La nouvelle batterie d’évaluation neuropsychologique (le Nepsy), pour les enfants de 3 à 12 ans, composée d’épreuves motrices et praxiques est un des outils utilisés. Les reproductions de figures géométriques de plus en plus complexes et la construction avec les blocs en 3 dimensions, constituent les épreuves constructives; l’imitation de gestes avec les mains, le parcours d’une trajectoire (précision visuomotrice), la séquence manuelle de gestes et oro-faciale constituent les épreuves motrices.

Les mécanismes cognitifs en cause seront aussi précisés à l'aide de tests plus spécifiques si besoin (Lussier et Flessas, 2001), notamment pour l'exploration des capacités attentionnelles et exécutives.

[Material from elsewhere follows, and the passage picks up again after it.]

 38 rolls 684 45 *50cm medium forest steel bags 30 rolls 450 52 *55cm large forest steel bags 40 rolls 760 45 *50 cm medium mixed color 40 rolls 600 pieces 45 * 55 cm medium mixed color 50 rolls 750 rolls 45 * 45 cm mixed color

Les activités de dessin géométrique permettront d’appréhender la latéralité manuelle du sujet, la préhension du crayon et l’aisance graphique mais aussi les habiletés motrices, perceptuelles et de structuration visuelle, les capacités d’anticipation et de planification dans les tâches de constructions graphiques complexes (Rey, 1959) ; (Bender, 1968).

9.3.3.

Examens psychomoteur et neuropsychomoteur

Soppelsa et al. (2004), Vaivre-Douret (2006) indiquent que l’examen psychomoteur est nécessaire pour évaluer les conduites praxiques de l’enfant, les performances graphomotrices et l’écriture (qui permettent d’observer la préhension du crayon, la force de la pression exercée sur celui-ci et la coordination oculo-manuelle), et l’identification de la dominance manuelle (qui se stabilise entre 3 et 6 ans). Des batteries plus spécifiques ont été développées pour mesurer les habiletés praxiques (Hill, 2001) et l’intégration sensorielle (Ayres, 1979).

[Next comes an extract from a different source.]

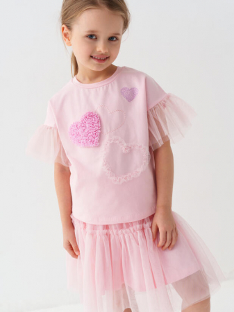 Детская футболка для девочки. Модель прямого кроя, выполнена из эластичного хлопкового трикотажа джерси. Спереди расположен крупный принт с сердечками. Горловина круглая. Рукава-крылышки из сетки.
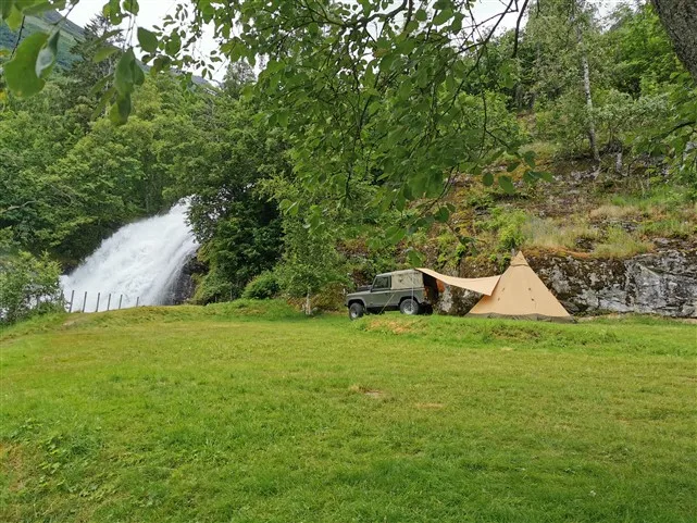 Įsikuriame kempinge praktiškai prie pat krioklio, kur labiau jau ribotas elektros kiekis. Turime savo, bet naktį žada +7. Kaip ir šilumos norėtusi, nes lietus nepaleidžia.

Cependant, il faut noter qu’un résultat isolé (le seul score d’un test) n’entraîne pas nécessairement une compréhension approfondie des processus utilisés par l’enfant que seuls l’observation minutieuse et le questionnement de l’enfant permettent.

9.3.4.

Autres examens

Les troubles sensoriels sont à éliminer dans une première phase de diagnostic.

L’examen orthophonique en fonction de la présence de troubles du langage oral ou écrit est nécessaire afin de préciser les difficultés et les champs sur lesquels on pourra s’appuyer notamment pour les rééducations.

L’examen ophtalmologique est souvent normal alors que l’examen orthoptique met souvent en évidence des troubles de la convergence ou de la divergence.

Vaivre-Douret (2007) note que l’examen neurovisuel est rarement pratiqué mais qu’il présenterait un intérêt dans la mesure où il pourrait révéler des anomalies des potentiels évoqués visuels et des troubles de l’oculomotricité (troubles de la poursuite oculaire horizontale et verticale, allures saccadées).

L’utilisation de tests normatifs en ergothérapie peut permettre d’évaluer les habiletés de base (élimination des problèmes de tonus, de force, de rapidité,…) sur lesquelles le développement praxique ultérieur repose.

En fonction de l’état psychoaffectif, un bilan de personnalité (test projectif) est parfois souhaitable afin de mieux orienter la prise en charge psychothérapique éventuelle.

Les symptômes de la dyspraxie développementale sont fortement dépendants de l’âge de l’enfant et les outils d’évaluation sont par conséquents variés. L’évaluation, surtout chez les plus petits, doit s’effectuer de préférence par une équipe multidisciplinaire qui détermine l’ampleur et la sévérité du trouble moteur.

Lorsque les troubles coexistent, il est nécessaire d’identifier la sévérité du trouble praxique (en termes de retard psychomoteur ou d’âge mental) pour le comparer à d’autres sphères cognitives mieux préservées même si celles-ci paraissent atteintes.